▶ **Dataset section**
+++++

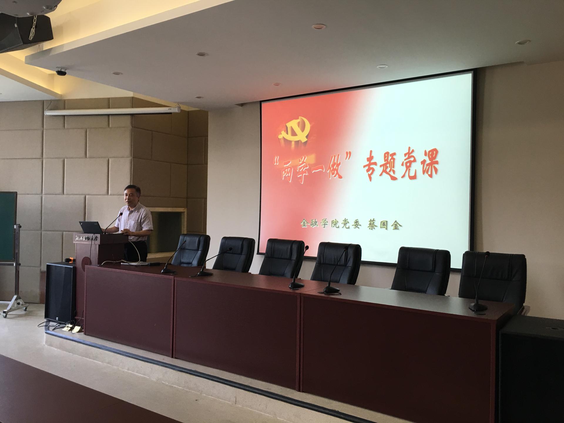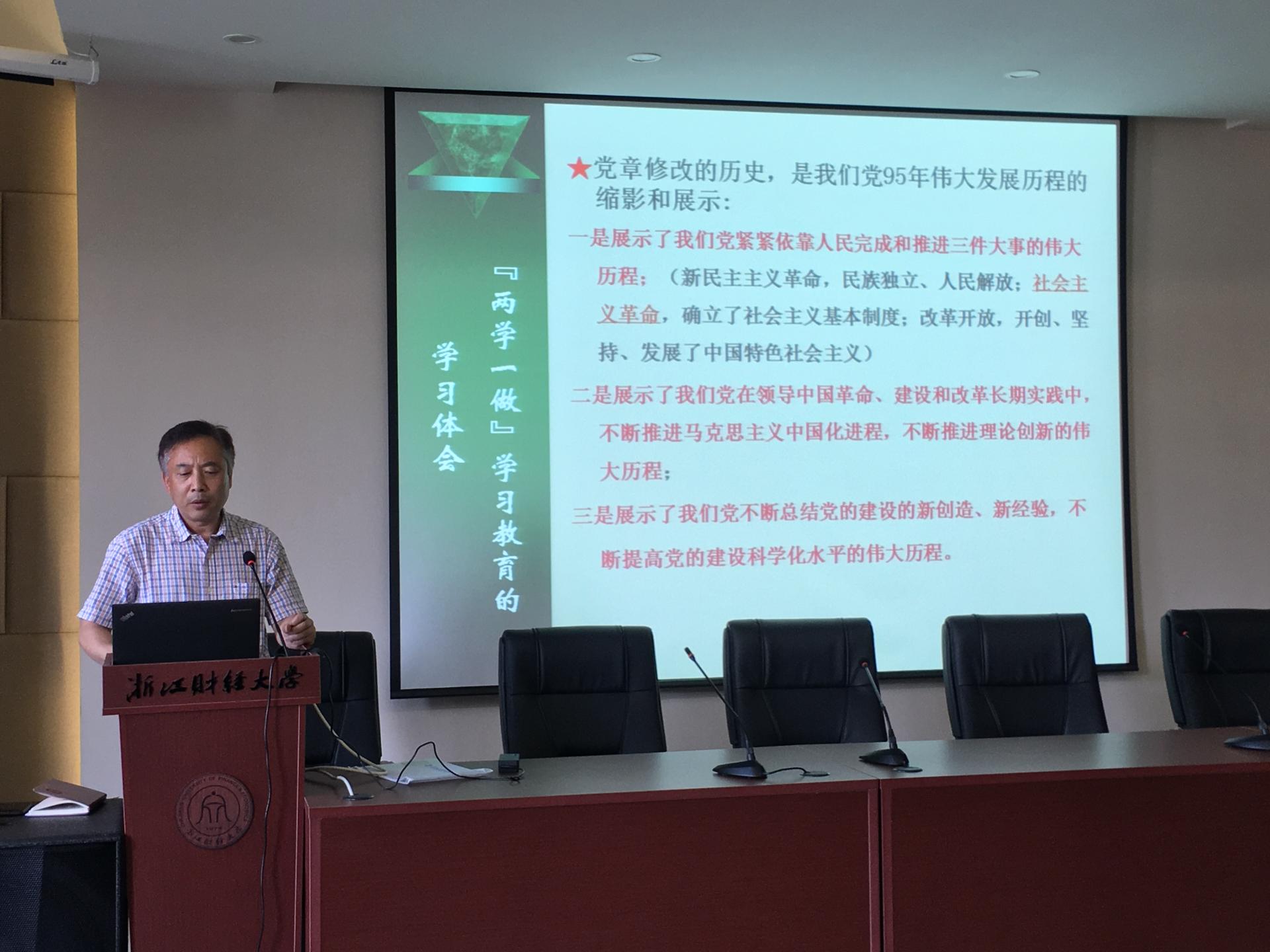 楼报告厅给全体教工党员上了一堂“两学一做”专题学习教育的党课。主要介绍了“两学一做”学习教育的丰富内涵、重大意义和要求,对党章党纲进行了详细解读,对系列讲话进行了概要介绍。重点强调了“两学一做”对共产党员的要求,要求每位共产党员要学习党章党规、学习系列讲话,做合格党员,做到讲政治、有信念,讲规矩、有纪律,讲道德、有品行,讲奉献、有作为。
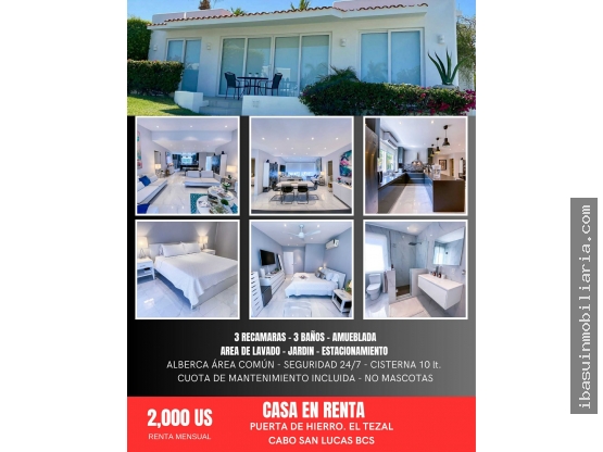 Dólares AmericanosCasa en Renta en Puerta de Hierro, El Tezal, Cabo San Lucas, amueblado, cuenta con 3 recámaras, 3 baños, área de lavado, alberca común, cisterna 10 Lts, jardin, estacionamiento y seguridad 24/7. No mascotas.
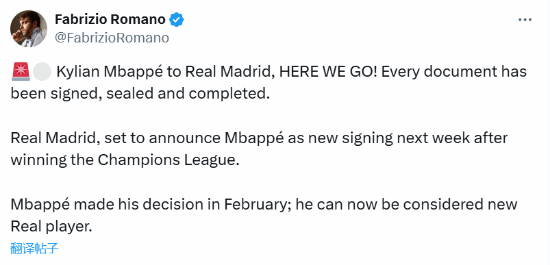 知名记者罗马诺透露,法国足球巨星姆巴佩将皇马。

+++++

From the line that holds "Dólares AmericanosCasa en" to the last line of the data, return those lines exactly and nothing else; both ends count, and pictures stay out.

▶ **Task result**
 Dólares AmericanosCasa en Renta en Puerta de Hierro, El Tezal, Cabo San Lucas, amueblado, cuenta con 3 recámaras, 3 baños, área de lavado, alberca común, cisterna 10 Lts, jardin, estacionamiento y seguridad 24/7. No mascotas.
 知名记者罗马诺透露,法国足球巨星姆巴佩将皇马。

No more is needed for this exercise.